■ WORK REQUIRED ■
Exact copy, no pictures: take the lines of the listing below from the first through the one containing "This 92.5 Silver, 24".

MATERIAL SHOWN below:

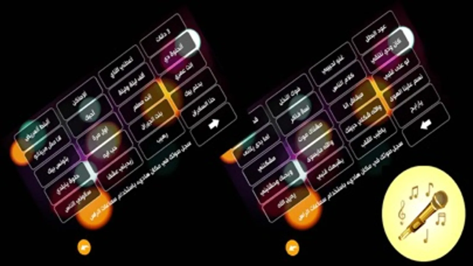 تطبيق كاريوكي العرب تطبيق مجاني , هل تحب غناء الكاريوكي؟ هل تريد تجربة صوتك على اكثر من 40 اغنيه عربية؟ إذا كنت من محبي الغناء والموسيقى ، فاهلا وسهلا بك حيث تطبيق كاريوكي العرب الذي يمنحك الفرصة لغناء كل هذه الاغاني، الآن قم بإبراز موهبتك الفنية وحاول الغناء بهذه الطريقة. برنامج فريد من نوعه والأكثر إثارة.
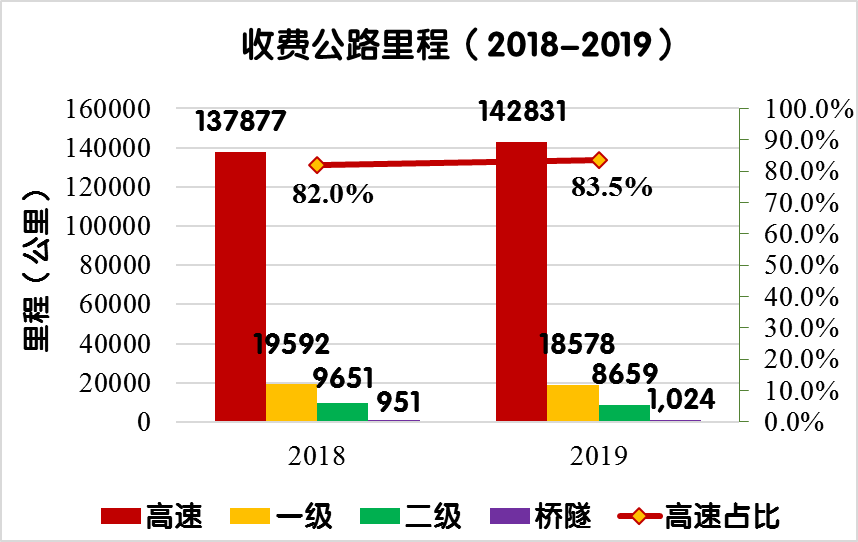 與上年末相比,全國收費公路總里程由168071公里增加到171093公里,凈增加3022公里,增長1.8%。其中,高速公路里程由137877公里增加到142831公里,凈增4954公里,增長3.6%;一級公路由19592公里減少到18578公里,凈減1014公里,下降5.2%;二級公路里程由9651公里減少到8659公里,凈減992公里,下降10.3%;獨立橋梁及隧道里程由951公里增加到1024公里,凈增73公里,增長7.7%。隨著高速公路里程不斷增長和普通收費公路逐步到期停止收費,全國收費公路結構進一步優化。
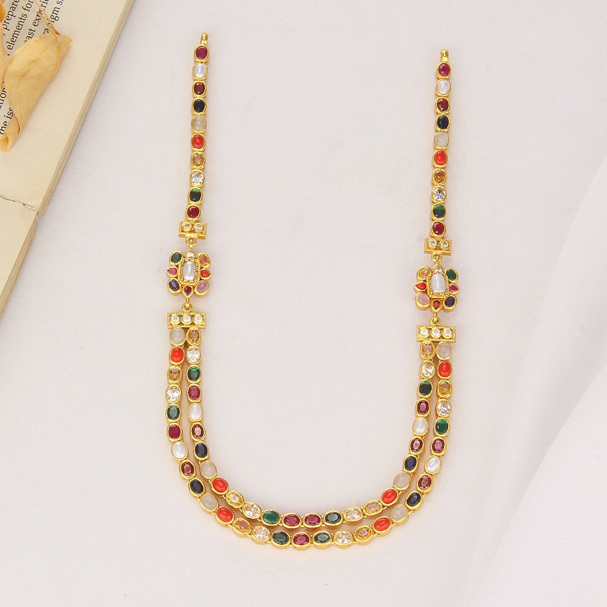This 92.5 Silver, 24 kt gold-plated, stylish Necklace is studded with semi-precious stones to make a stunning statement. Perfect for any special occasion.
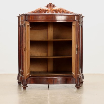 Piccola credenza impiallacciata in essenze esotiche, Piemonte metà XIX secolo. Fronte a due ante pannellate ornate da corniciature, montanti a colonna torniti, piedi a trottola. Decorato da riserve impiallacciate in radica di mogano. Interni noce e pioppo.
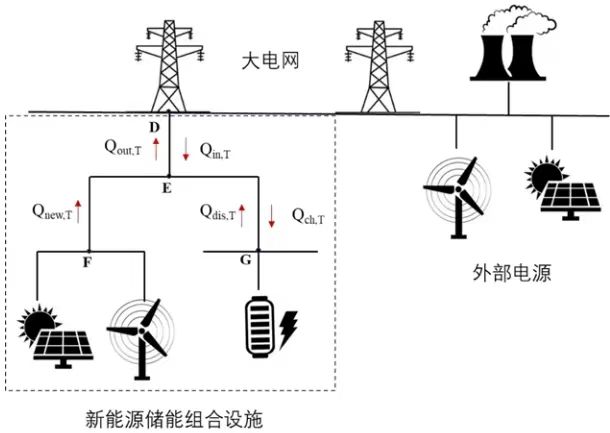 根據(jù)基爾霍夫定律,在圖2中節(jié)點(diǎn)E考慮T周期內(nèi)電量平衡,即流入和流出節(jié)點(diǎn)E的電量相等,Qnew,T+Qin,T+Qdis,T=Qout,T+Qch,T(公式1)??紤]T周期內(nèi)儲(chǔ)能設(shè)施儲(chǔ)存的能量回到初始狀態(tài),即T周期內(nèi)儲(chǔ)能設(shè)施充入的電量全部放出,t=T時(shí)刻存儲(chǔ)的能量等于t=0時(shí)刻存儲(chǔ)的能量??紤]儲(chǔ)能損耗,有Qdis,T=Qch,T·η(公式2)。
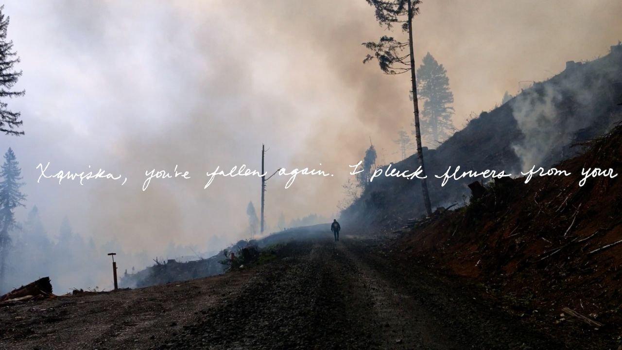 Told through recollections of youth, learning, lore, and departure, this is an imagined myth for the Xąwįska, or the Indian Pipe Plant - used by the Ho-Chunk to revive those who have fainted.
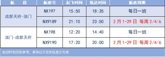 澳门航空:成都=澳门航线春节增班
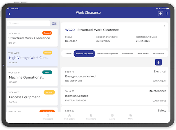 The software offers a set of modules for proactive risk management and compliance automation. Risk assessment tools enable identification evaluation and mitigation of potential hazards with customizable templates that prioritize tasks by criticality. Permit management automates creation review and approval workflows and aligns permits with work orders to maintain compliance during task execution. Isolation control and lockout tagout capabilities provide guided sequences for safe equipment maintenance procedures. Incident management covers the lifecycle of safety events from reporting through investigation to resolution while audit management facilitates scheduling and conducting audits to verify adherence to regulatory standards. Corrective and preventive action tracking addresses safety issues systematically and document control ensures that safety procedures and compliance records remain current and accessible. Training management schedules monitors and records training activities to maintain workforce competencies and field workers access safety checklists and protocols through mobile devices. Real time dashboards and analytics deliver visibility into safety performance metrics compliance status and trend data to support data driven decision making.
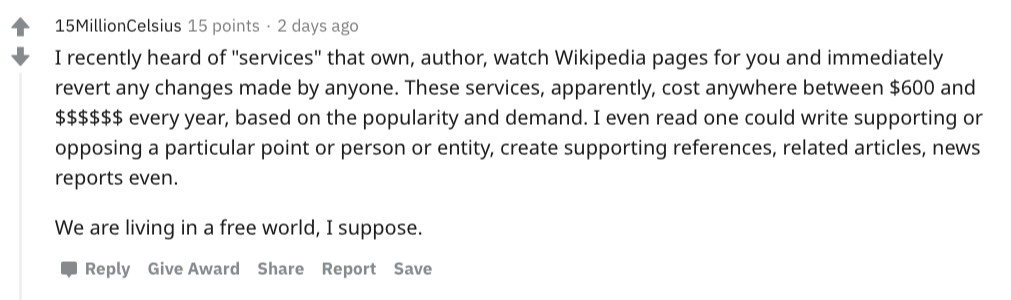 有一位留言者提到,他最近听说了一种针对维基百科词条优化的「收费服务」,费用大概是 600 美元或者更多,可能让你拥有、撰写维基百科的词条,同时及时修改其他任何人所做的编辑。你甚至可以利用这项服务撰写支持或反对某个人/观点/机构的文章,然后发布相关报道和文章作为参考来源。
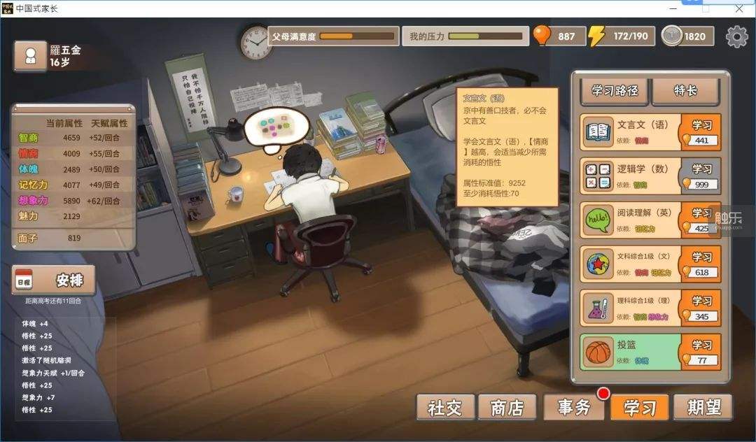 在幼儿时期的活动都是相同的,只需要好好学习基本的东西就可以了,但如果你想往体育方面发展,你就可以在幼儿时期就开始体育运动,加强锻炼。到了小学的时候同样要把学习放在第一位,在拿到好的成绩单时,玩家还可以获得很多奖励。无论你未来想选择什么样的道路,最重要的是提高自身的悟性,悟性可以为学习新的技能。那要如何次啊能提高悟性呢?
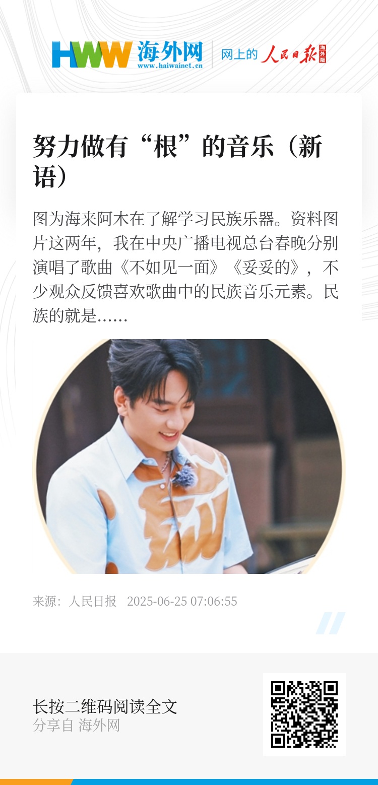 这两年,我在中央广播电视总台春晚分别演唱了歌曲《不如见一面》《妥妥的》,不少观众反馈喜欢歌曲中的民族音乐元素。民族的就是世界的,传统的也是时尚的。努力做有“根”的音乐,让传统音乐长出时代的翅膀,这也是很多音乐人的梦想。
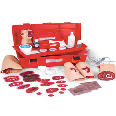 这一套包括更复杂的创伤,用于练习或测试更高水准的绷带包扎技术和病人护理,经济实用。整套模拟器置于手提箱中供货,包括:
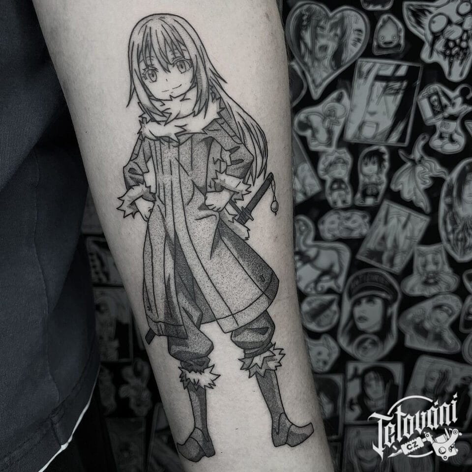 Tetování anime postavička, bojovník Slime – Rimuru Tempest na předloktí
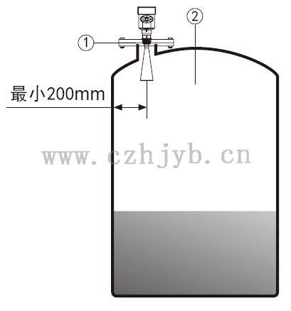 注:距離罐壁最小距離應(yīng)為200mm。
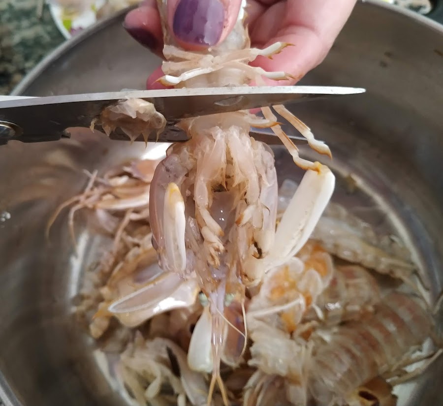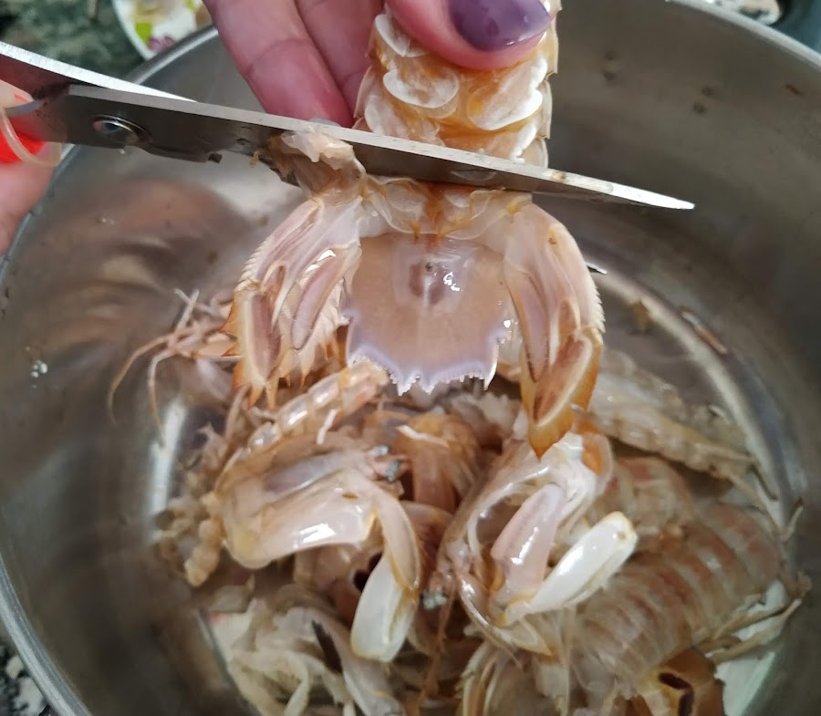 Lo primero que hacemos es limpiar las galeras. Para ello, cortamos la cabeza y las colas y hacemos un corte en el cuerpo de arriba a abajo y sacamos el cuerpo con cuidado. Guardamos las cáscaras para hacer un fumet que podremos usar en otras elaboraciones.

End of MATERIAL SHOWN.

■ ANSWER AREA ■
 تطبيق كاريوكي العرب تطبيق مجاني , هل تحب غناء الكاريوكي؟ هل تريد تجربة صوتك على اكثر من 40 اغنيه عربية؟ إذا كنت من محبي الغناء والموسيقى ، فاهلا وسهلا بك حيث تطبيق كاريوكي العرب الذي يمنحك الفرصة لغناء كل هذه الاغاني، الآن قم بإبراز موهبتك الفنية وحاول الغناء بهذه الطريقة. برنامج فريد من نوعه والأكثر إثارة.
 與上年末相比,全國收費公路總里程由168071公里增加到171093公里,凈增加3022公里,增長1.8%。其中,高速公路里程由137877公里增加到142831公里,凈增4954公里,增長3.6%;一級公路由19592公里減少到18578公里,凈減1014公里,下降5.2%;二級公路里程由9651公里減少到8659公里,凈減992公里,下降10.3%;獨立橋梁及隧道里程由951公里增加到1024公里,凈增73公里,增長7.7%。隨著高速公路里程不斷增長和普通收費公路逐步到期停止收費,全國收費公路結構進一步優化。
This 92.5 Silver, 24 kt gold-plated, stylish Necklace is studded with semi-precious stones to make a stunning statement. Perfect for any special occasion.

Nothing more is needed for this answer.